By chance I happened to find a ILR cheatsheet http://www.sediment.uni-goettingen.de/staff/tolosana/extra/CoDaNutshell.pdf. Wow! So easy to take the derivative. I confirmed with the Julia code.

$$ \log |J| = \log\text{softmax}(V^\top y)+ \log(D) $$

data { int N; matrix[N - 1 , N - 1] Vinv; //matrix[N, N] Vinv_full; }parameters { vector[N - 1] y; }transformed parameters { simplex[N] z; vector[N - 1] s = Vinv y; real logabsdet = sum(log_softmax( Vinv_full[:, 1:N-1] y)) + log(N);

{ real alpha = log_sum_exp(append_row(s, 0)); z = append_row(exp(s - alpha), 1 / exp(alpha)); }

}model { target += logabsdet; }generated quantities { real z_sum = sum(z); }

— Reply to this email directly, view it on GitHub https://github.com/mjhajharia/transforms/issues/39#issuecomment-1192865709, or unsubscribe https://github.com/notifications/unsubscribe-auth/ANEZILHDJK3PCYIJUI533O3VVLXPPANCNFSM54JQKIWQ . You are receiving this because you are subscribed to this thread.Message ID: @.***>

spinkney commented 2 years ago

@sethaxen I'm seeing discrepancies from ForwardDiff and this log-abs-det that I'm not sure are due to numerical computation errors or I'm missing something on this transform. If I make the dimension size 10000 the difference is about 2 which seems much too high. Is this a typical observation or does it indicate I'm still missing something. The differences are very small for low dimension sizes.

spinkney commented 2 years ago

Ok, it's floating point errors. If I restrict the domain of y to 0,1 or -1, 1 or something the differences disappear. I'm guessing it's the final exp.

spinkney commented 2 years ago

I haven't had this much fun doing math in a long time. What I have is correct and it follows from the matrix determinant lemma that @bob-carpenter gave (thanks a ton for that hint)! It's quite elegant that the log-determinant of the matrix calculus formula boils down to this simple update. I'll update the paper with the math and make a pull request for the stan code over the next few days.

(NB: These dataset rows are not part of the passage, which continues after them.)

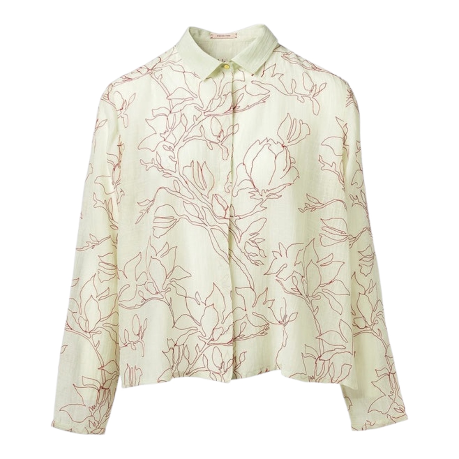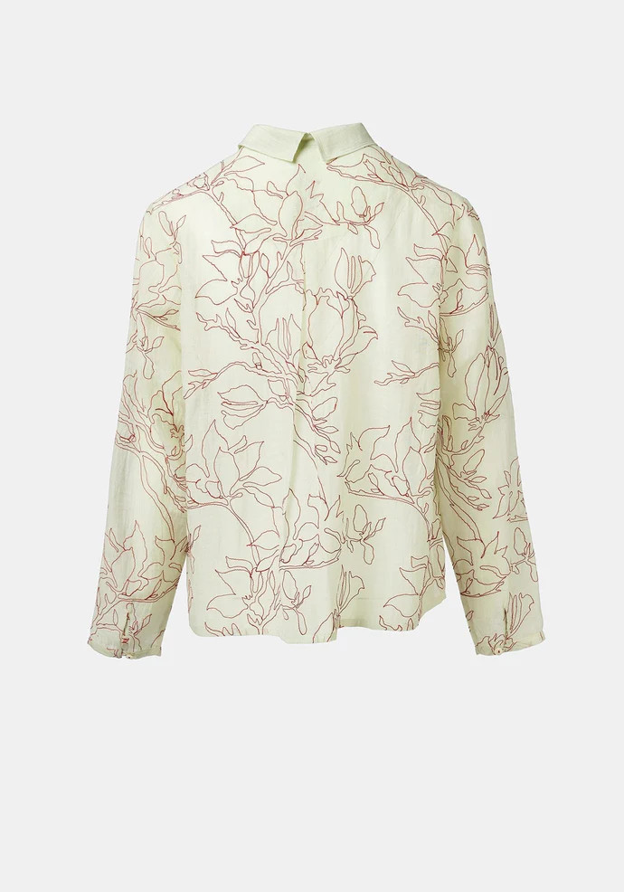 Camisa evasé leve em chanderi de algodão natural, adornada com bordado floral intrincado em fio de cetim Rouge. Uma prega funda nas costas aumenta o conforto, enquanto um botão metálico de assinatura adiciona um detalhe exclusivo. Logótipo bordado no interior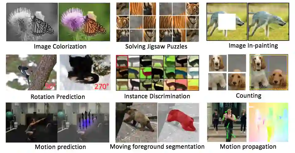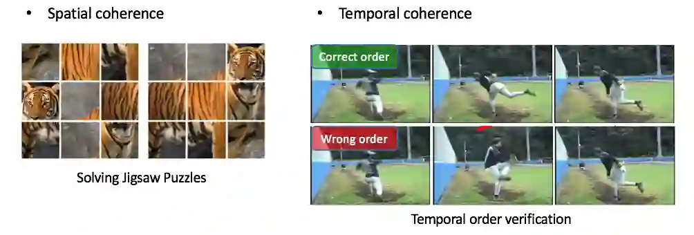图片具有空间连贯性,视频具有时空连贯性。那么就可以利用这些特点来设计自监督任务。如下图: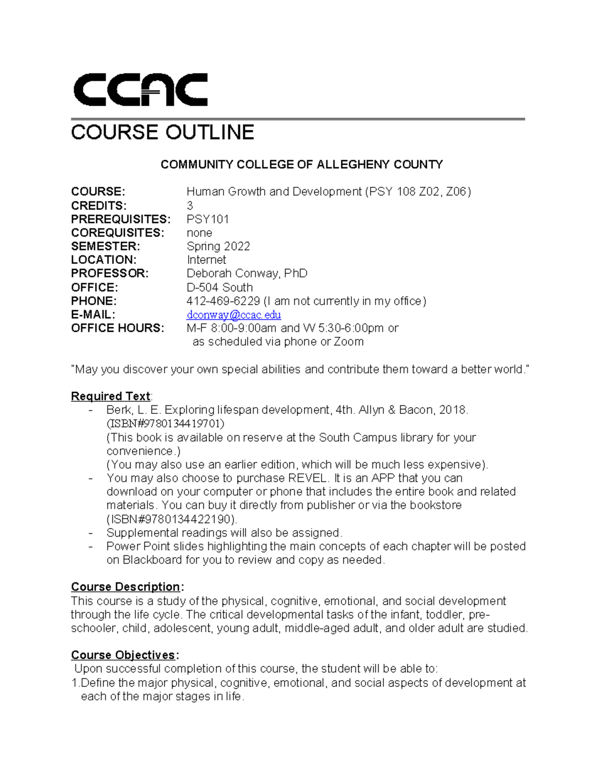 psy 108 syllabus COURSE OUTLINE COMMUNITY COLLEGE OF ALLEGHENY COUNTY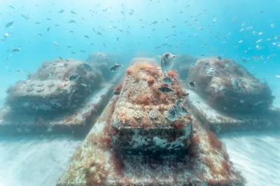 The installation, Caminos notes, “could be poetic, or catastrophic, or both. You could be seeing Pompeii.” Some skeptics, thinking them ugly, asked, “Why cars?”, but she explains that the piece turns a symbol of pollution into a symbol of transformation. (Skeptics might also note that concrete has a massive carbon footprint, but the material does provide a hospitable bed for coral to grow on.)
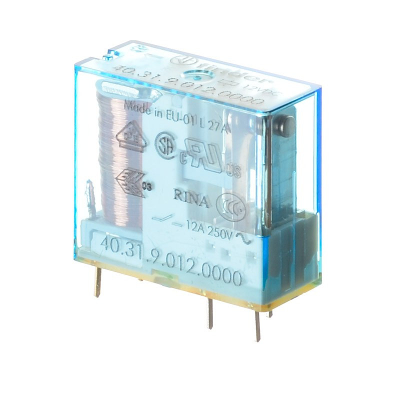 Wysokiej jakości przekaźnik Finder 40.31.9.012.0000. Napięcie nominalne cewki 12V DC (stały) monostabilny , 1 cewka, 1 zestyk przełączny. Przekaźnik montowany w druk, w płytkę drukowaną do lutowania.

bob-carpenter commented 2 years ago

I haven't had this much fun doing math in a long time.

Algebra is a lot of fun when a big pile of math like a log Jacobian determinant works out to something simple. I'm hoping we can convey that to the reader while making all this understandable.

spinkney commented 2 years ago

After going through all the math this is just the softmax transform with a linear scaling applied.

spinkney commented 2 years ago

I'm opening this back up because - although I don't understand why - the ESS is 10x higher for the last parameter in this transform vs the softmax.

bob-carpenter commented 2 years ago

the ESS is 10x higher for the last parameter in this transform vs the softmax.

Is that softmax with the last element pinned to zero?

spinkney commented 2 years ago

Yes, softmax with the last value pinned to zero

bob-carpenter commented 2 years ago

Perhaps that's not surprising when you look at the Jacobian, which is all about how much probability is left over for the last element and then raised to dimensionality power.